# [DATA]
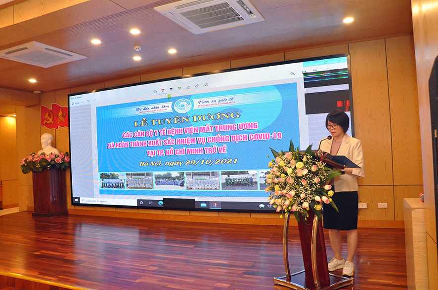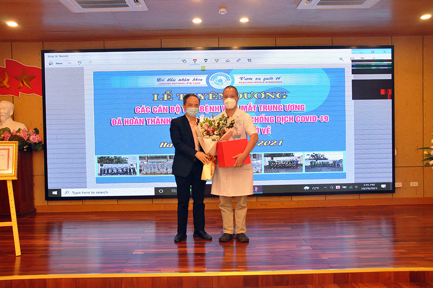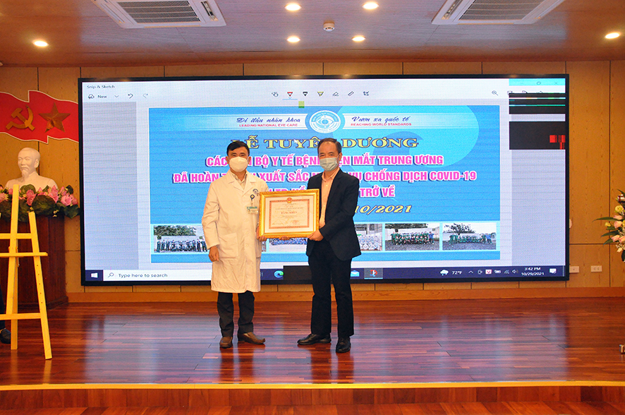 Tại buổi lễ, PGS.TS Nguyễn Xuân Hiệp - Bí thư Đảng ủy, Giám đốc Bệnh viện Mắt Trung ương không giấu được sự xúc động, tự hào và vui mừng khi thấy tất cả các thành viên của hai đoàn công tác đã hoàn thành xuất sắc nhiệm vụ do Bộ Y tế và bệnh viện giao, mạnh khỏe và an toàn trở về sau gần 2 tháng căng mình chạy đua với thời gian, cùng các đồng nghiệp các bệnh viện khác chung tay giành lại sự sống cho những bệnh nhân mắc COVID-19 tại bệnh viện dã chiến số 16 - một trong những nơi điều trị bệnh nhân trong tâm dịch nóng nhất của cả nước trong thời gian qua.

---

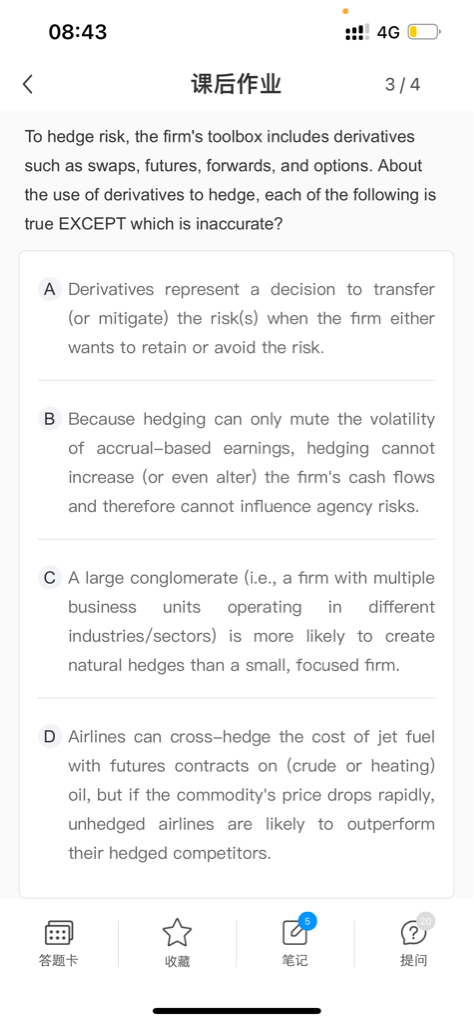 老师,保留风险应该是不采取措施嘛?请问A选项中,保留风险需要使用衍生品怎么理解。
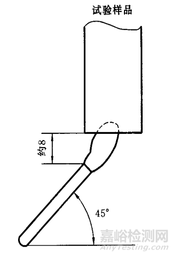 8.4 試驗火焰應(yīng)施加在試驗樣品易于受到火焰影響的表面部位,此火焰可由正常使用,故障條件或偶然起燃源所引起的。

--

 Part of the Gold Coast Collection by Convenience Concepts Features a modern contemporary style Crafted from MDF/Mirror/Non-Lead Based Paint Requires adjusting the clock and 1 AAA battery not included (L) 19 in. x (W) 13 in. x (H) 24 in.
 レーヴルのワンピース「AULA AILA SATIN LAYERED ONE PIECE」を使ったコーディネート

# [ASSIGNMENT]
Reproduce, character for character, only the lines of the preceding data that start at the line with "Part of the" and end at the line with "レーヴルのワンピース「AULA AILA SATIN", both included.

# [TASK RESULT]
 Part of the Gold Coast Collection by Convenience Concepts Features a modern contemporary style Crafted from MDF/Mirror/Non-Lead Based Paint Requires adjusting the clock and 1 AAA battery not included (L) 19 in. x (W) 13 in. x (H) 24 in.
 レーヴルのワンピース「AULA AILA SATIN LAYERED ONE PIECE」を使ったコーディネート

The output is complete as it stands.